[Data records]
·····

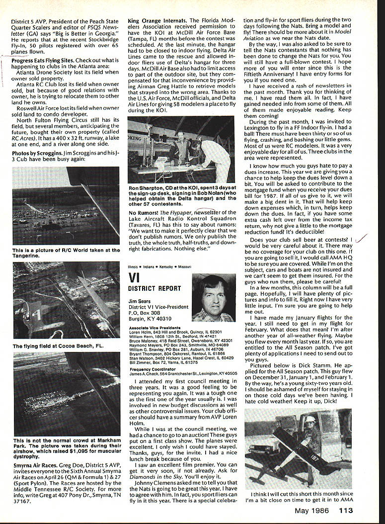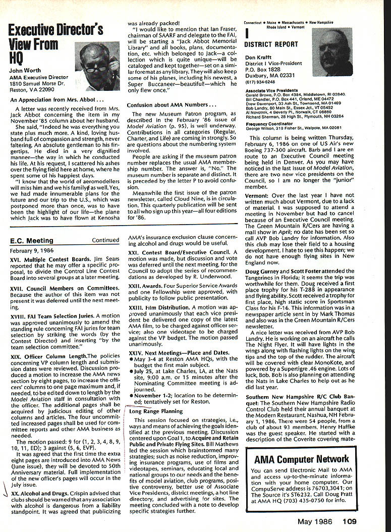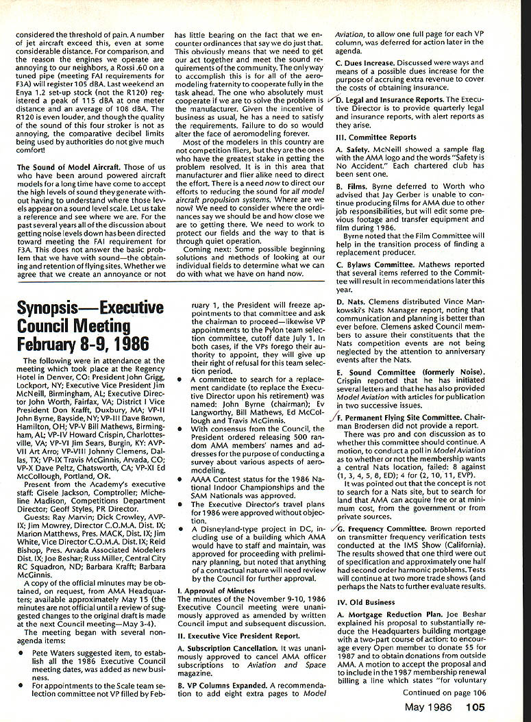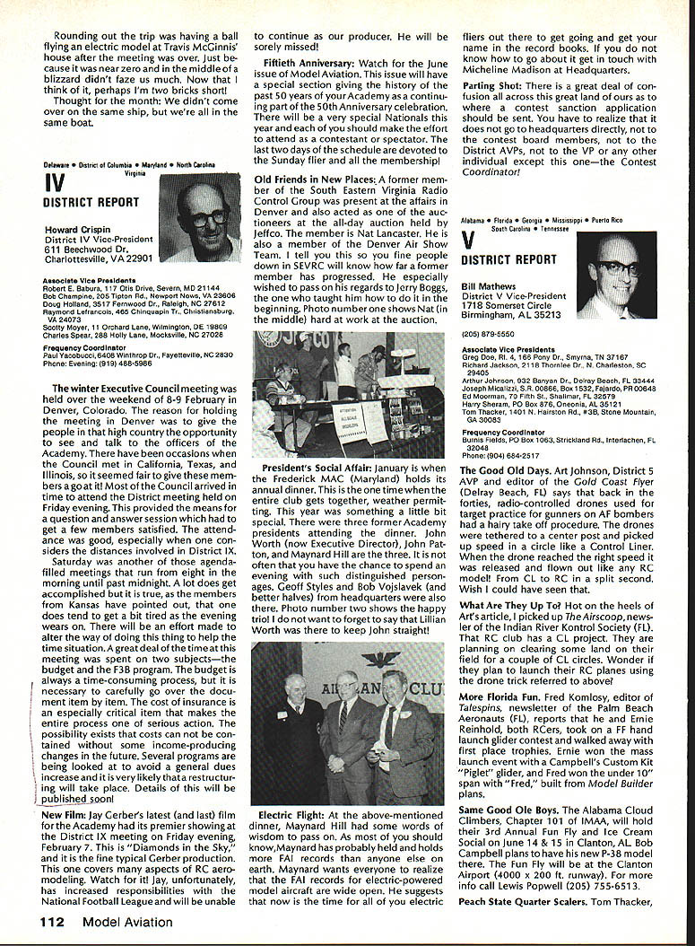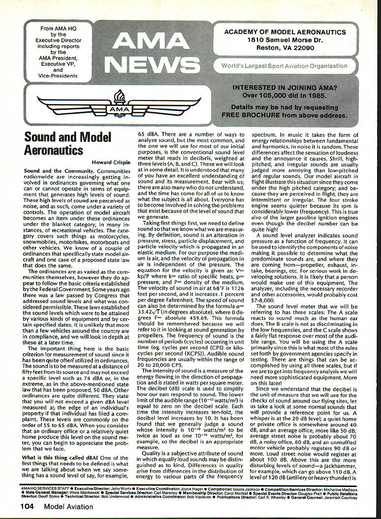 Sound Model Aeronautics Howard Crispin Sound Community Communities nationwide increasingly getting volved ordinances governing what can cannot operate terms equip ment generates high levels sound high levels sound perceived noise such come under variety controls operation model aircraft becomes item under ordinances under blanket category stances recreational vehicles cate gory covers such things motorcycles snowmobiles motorbikes motorboats other vehicles know couple ordinances specifically state model air craft case proposed state law does same ordinances varied com munities themselves however ap pear follow basic criteria established Federal Government Some years ago law passed Congress addressed sound levels what con sidered permissible laws established sound levels attained various kinds equipment cer tain specified dates unlikely few vehicles around country compliance will look depth later time important thing basic criterion measurement sound since has quite ofteri utilized ordinances sound measured distance fifty feet its source may exceed specific level such 74 dBA extreme above-mentioned state law has proposed 50 dBA Other ordinances quite different state will exceed given dBA level measured edge individuals property individual has filed com plaint levels commonly order 55 65 dBA consider ordinary office relatively quiet home produce level sound ter can begin appreciate prob lem face What thing called dRA first things needs defined what talking about say some thing has sound level say example 65 dBA number ways analyze sound common will use initial purposes conventional sound level meter reads decibels weighted three levels Band CThese will look some detail understood have excellent understanding sound its measurement Bear us also understand time has come us know what subject about Everyone has become involved solvingthe problems exist because level sound generate Taking first things first need define sound sothatwe knowwhatweare measur ing definition sound alteration pressure stress particle displacement particle velocity propagated elastic medium purpose medi um air velocity propagation air independent pressure equation velocity given V kp/P k ratio specific heats p pressure P density medium velocity sound air 680F 1126 feet per second increases 1 percent per degree Fahrenheit speed sound can also determined formula vTin degrees absolute 0 de grees F absolute 45969 formula should remembered because will refer looking sound generation propellers frequency sound number periods cycles occurring unit time eg cycles per second CPS kilocycles per second KCPS) Audible sound frequencies usually within range 20 20000 CPS intensity sound measure energy flowing direction propaga tion stated watts per square meter decibel dB scale used simplify ears respond sound lower limit audible range 1 Q12 watts/in2 equal zero decibel scale time intensity increases ten-fold decibel level increases 10 has found generally judge sound intensity 10 watts/in2 twice loud 10 watts/in2 example decibel appropriate measure Quality subjective attribute sound equally loud sounds may distin guished kind Differences quality arise differences distribution energy various parts frequency spectrum music takes form energy relationships between fundamental harmonics noise random differences affect sensation loudness annoyance causes Shrill highpitched irregular sounds usually judged annoying low-pitched regular sounds model aircraft flight illustrate situation since come under high pitched category cause perceived flight intermittant irregular four stroke engine seems quieter because its rpm considerably lower frequency true also larger gasoline ignition engines though decibel number can quite high sound level analyzer indicates sound pressure function frequency can used identifythe components noise making possible determine what predominate sounds coming frompropeller exhaust take bearings etc serious work de veloping solutions likely person would make use equipment analyzer including necessary recorder other accessories would probably cost $ 7-80 00 sound level meter will referring has three scales scale reacts sound much human ear does B scale discriminating low frequencies C scale shows fairly flat response over audi ble range will using scale primarily since what rules set forth government agencies specify testing things can ac complished using three scales get frequency analysis will need sophisticated equipment later Since understand decibel unit measure will use checks sound around flying sites let us take look some normal sounds will provide reference point us whisper 20 dB level quiet home private office somewhere around 40 dB average office like 50 dB average street noise probably about 70 dB noisy office 80 dB unmuffled motor vehicle probably registers 90 dB Loud street noise would register about 100 dB Above disturbing levels sounda jackhammer example can go above 110 dB level 120dB artilleryor heavythunder 104 Model Aviation AMA HO Executive Director including reports AMA President Executive VP Vice-Presidents AMA HO SERVICES STAFF 0 Executive Director John Worth 0 Executive Coordinator Joyce Hager 0 Comptroller Gisele Jackson 0 Competition Services Director Micheline Madison Nets General Msnager Vince Mankowski0 Special Services Director Carl Maroneye Membership Director Carol Mertelde Special Events Director Oouglas Pratt 0 Public Relations Director Geoff Styles 0 Technical Director Bob Underwood 0 Administrative Coordinator Bob Voislaveke Publications Director Carl 8 Wheeieyo General Counsel Jeremiah Courtney considered threshold pain number jet aircraft exceed some considerable distance comparison reason engines operate annoying neighbors Rossi 60 tuned pipe meeting FAI requirements F3A will register 105 dBA Last weekend Enya 12 set-up stock R120 reg istered peak 115 dBA meter distance average 108 dBA Ri 20 louder though quality sound four stroker annoying comparative decibel limits being used authori
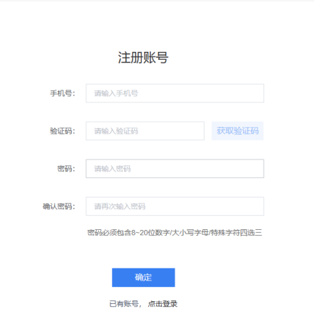 4.输入手机号、验证码,设置密码,点击“确定”。(密码必须包含英文字母大写、英文字母小写、阿拉伯数字、符号4种字符其中3种)
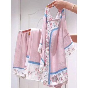 新しい中国風の花柄ジャカードパジャマ、女性用、秋スタイル、ゆったりとした大きいサイズ、屋外で着用可能、ホームウェアセット
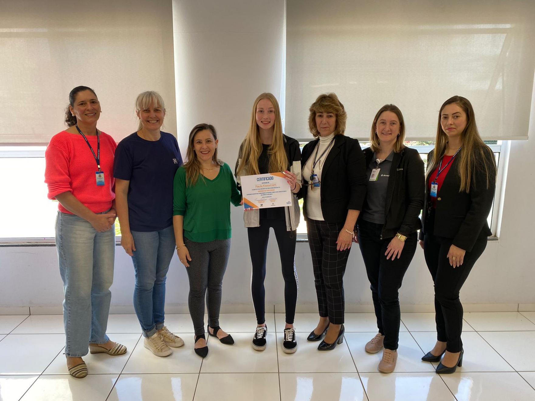 Hoje, 23/05, às 13h30min no Centro de Eventos, reuniu-se as escolas e estudantes que participaram do Concurso e venceram a etapa escolar para a logotipo a ser instituída na Semana Municipal de Prevenção e Combate ao Uso e Abuso de Álcool na Adolescência e na Vida Adulta. Sendo estes: Joana Tariga Florêncio – EEEM Dionísio Lothário Chassot Pedro Comin – CE Preparando Gerações Paula Klassmann – IEE Nossa Senhora Imaculada Gabriela Rodrigues Vieira – EMEF Francisca Cerutti Andressa Rosati da Rosa – EMEF Presidente Costa e Silva Andressa de Matos Weizenmann – EMEF João Batista Mocelin Na etapa Municipal, a comissão seguiu o regulamento e os critérios de avaliação, conjuntamente, e a ganhadora foi a estudante Joana Tariga Florêncio, estudante da Escola Estadual Dionísio Lothário Chassot, da turma do 9º ano Ensino Fundamental e o professor orientador deste trabalho foi José Anildo Brum. Parabéns as escolas e estudantes que envolveram-se nesta atividade tão significativa em prol de uma sociedade melhor e mais saudável.
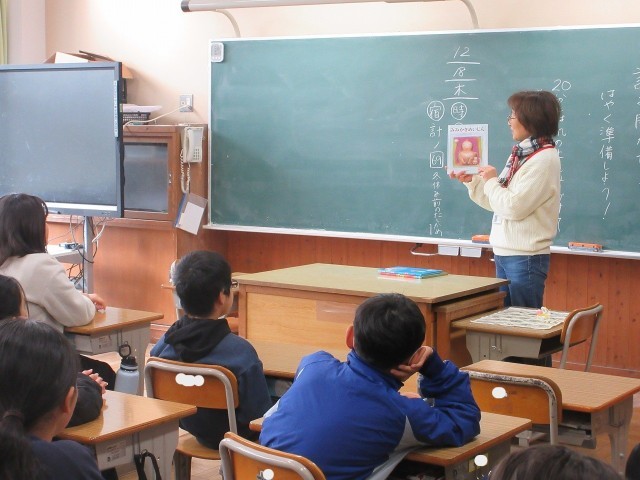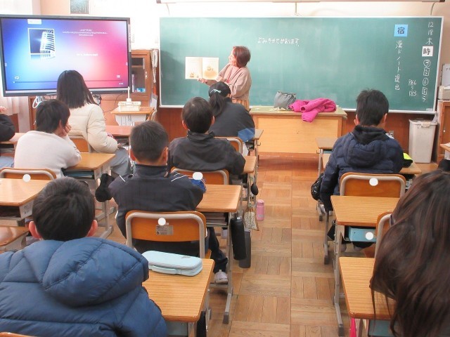 今日のふきっ子5年生の朝の読書タイムの様子です。今朝は、おひさまの会による読み聞かせがありました。おひさまの会の方が「次の本はこれ。知っている?」と言って出された絵本は『ぐりとぐら』。「知ってる!」「なつかしい~」という言葉が飛び交いました。読み聞かせが始まるとしんとなり、お話を聴き入っていました。

·····

Goal of the exercise.
In the copy, leave out all pictures, and retype exactly each line from the one with "新しい中国風の花柄ジャカード" through the last line of the entries.

Problem solution.
 新しい中国風の花柄ジャカードパジャマ、女性用、秋スタイル、ゆったりとした大きいサイズ、屋外で着用可能、ホームウェアセット
 Hoje, 23/05, às 13h30min no Centro de Eventos, reuniu-se as escolas e estudantes que participaram do Concurso e venceram a etapa escolar para a logotipo a ser instituída na Semana Municipal de Prevenção e Combate ao Uso e Abuso de Álcool na Adolescência e na Vida Adulta. Sendo estes: Joana Tariga Florêncio – EEEM Dionísio Lothário Chassot Pedro Comin – CE Preparando Gerações Paula Klassmann – IEE Nossa Senhora Imaculada Gabriela Rodrigues Vieira – EMEF Francisca Cerutti Andressa Rosati da Rosa – EMEF Presidente Costa e Silva Andressa de Matos Weizenmann – EMEF João Batista Mocelin Na etapa Municipal, a comissão seguiu o regulamento e os critérios de avaliação, conjuntamente, e a ganhadora foi a estudante Joana Tariga Florêncio, estudante da Escola Estadual Dionísio Lothário Chassot, da turma do 9º ano Ensino Fundamental e o professor orientador deste trabalho foi José Anildo Brum. Parabéns as escolas e estudantes que envolveram-se nesta atividade tão significativa em prol de uma sociedade melhor e mais saudável.
 今日のふきっ子5年生の朝の読書タイムの様子です。今朝は、おひさまの会による読み聞かせがありました。おひさまの会の方が「次の本はこれ。知っている?」と言って出された絵本は『ぐりとぐら』。「知ってる!」「なつかしい~」という言葉が飛び交いました。読み聞かせが始まるとしんとなり、お話を聴き入っていました。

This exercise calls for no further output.